[DATA SECTION Boundary: Start]

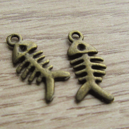 Metalen bedeltje in antiek bronskleur van een vissengraat. Dit is een wat stoerder hangertje, je ziet het wel bij de Gothic scene. De vissengraat wordt ook vaak gebruikt als tatoeage. Een echt symbolische betekenis heb ik niet kunnen vinden, waarschijnlijk past het gewoon bij een wat stoerder imago omdat het een skelet van een vis is.
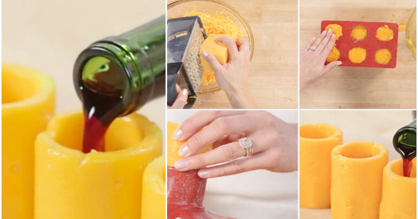 Para fazer os copos, PopSugar propõe utilizar o queijo Cheddar (mas você pode tentar com prato, Gouda, o importante é que, depois de frio, ele solidifique) , ralar e fazê-lo derreter no micro-ondas em pequenas sessões de 30 segundos, mexendo entre cada sessão, para obter uma bela massa de queijo fundido.
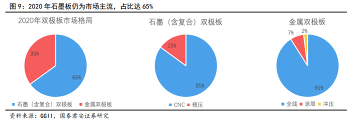 市场格局:仍以石墨板为主,金属板或后来居上。氢燃料电池方面,2020年我国氢燃料电池双极板市场规模达3.1亿元,石墨板(包含碳塑复合板)和金属板的市场占比分别为65%和35%,2021年石墨双极板与金属双极板趋于平分秋色。GGII数据显示,2021年H1金属双极板出货量在双极板总出货量的占比已达45.0%(2020年同期为36.0%)。钒液流电池方面,基本不考虑金属板,即使是涂层处理后的金属板,在酸性液体环境中也难以长期稳定工作。石墨双极板(机加工)不被看好,因为其机加工过程复杂且成本高。钒液流电池主要采用碳塑复合板,因为其热塑或模压工艺相对机加工简单,但是混合高分子树脂所带来的电阻率增加仍是需要解决的问题。
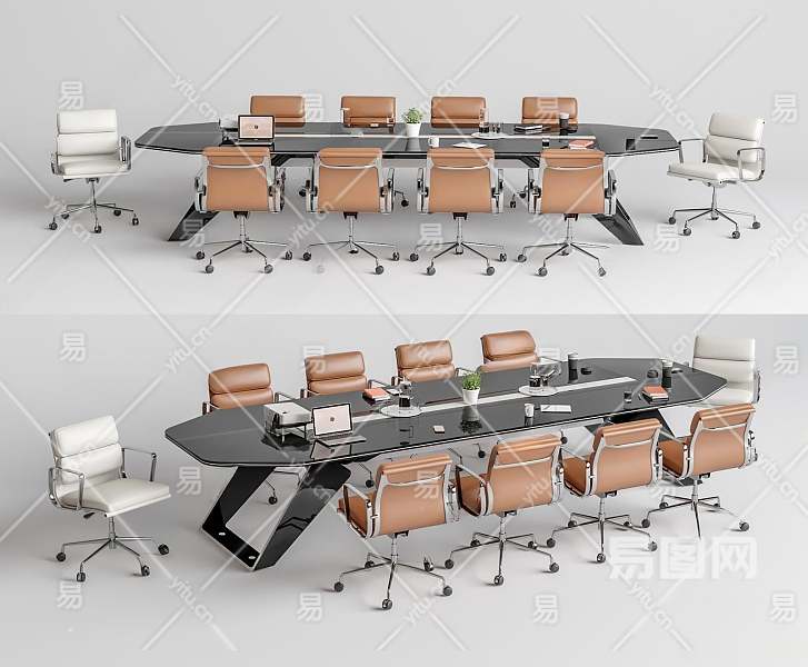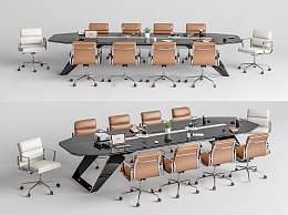 现代会议桌椅3D模型下载
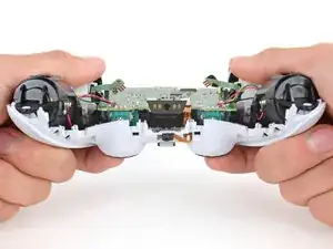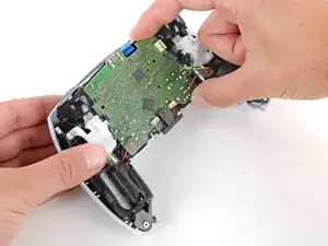 Используйте пальцы, чтобы аккуратно протолкнуть джойстики через их вырезы в корпусе, чтобы отделить материнскую плату.
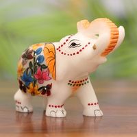 Hand-Painted Floral Soapstone Elephant Figurine from India 'Good Fortune' Item ID: 2671624483
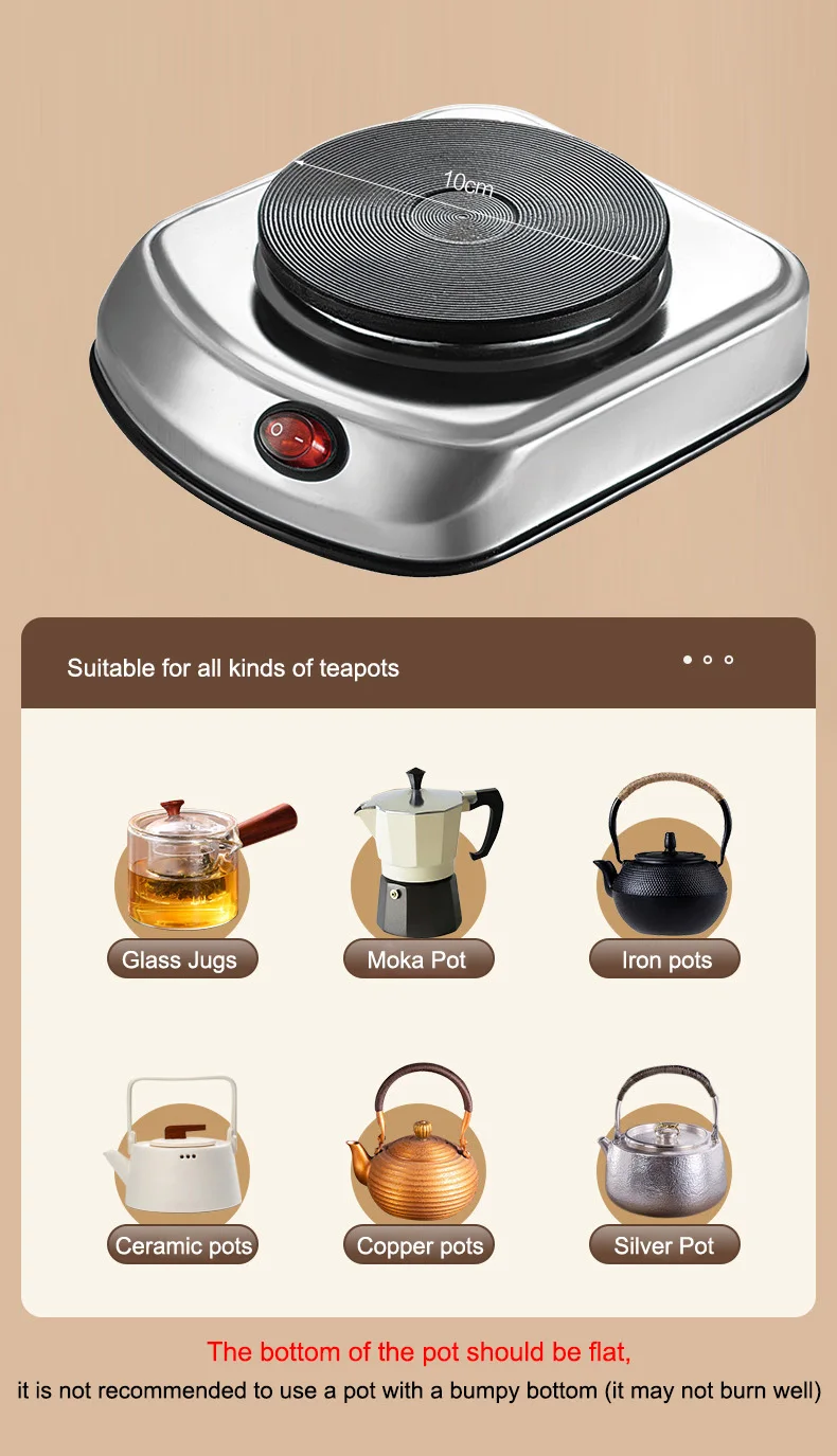 220V Mini Electric stove Portable Tea Coffee Boiler Instant Heating Cast Iron Hot plate Cooking furnace Overheating protection

[DATA SECTION Boundary: End]

▸ TASK BRIEF:
Transcribe exactly the lines from the one with "Используйте пальцы, чтобы" to the last line of the records, both included, so that no picture appears in the copy.

▸ SOLUTION FOR THIS EXERCISE:
 Используйте пальцы, чтобы аккуратно протолкнуть джойстики через их вырезы в корпусе, чтобы отделить материнскую плату.
 Hand-Painted Floral Soapstone Elephant Figurine from India 'Good Fortune' Item ID: 2671624483
 220V Mini Electric stove Portable Tea Coffee Boiler Instant Heating Cast Iron Hot plate Cooking furnace Overheating protection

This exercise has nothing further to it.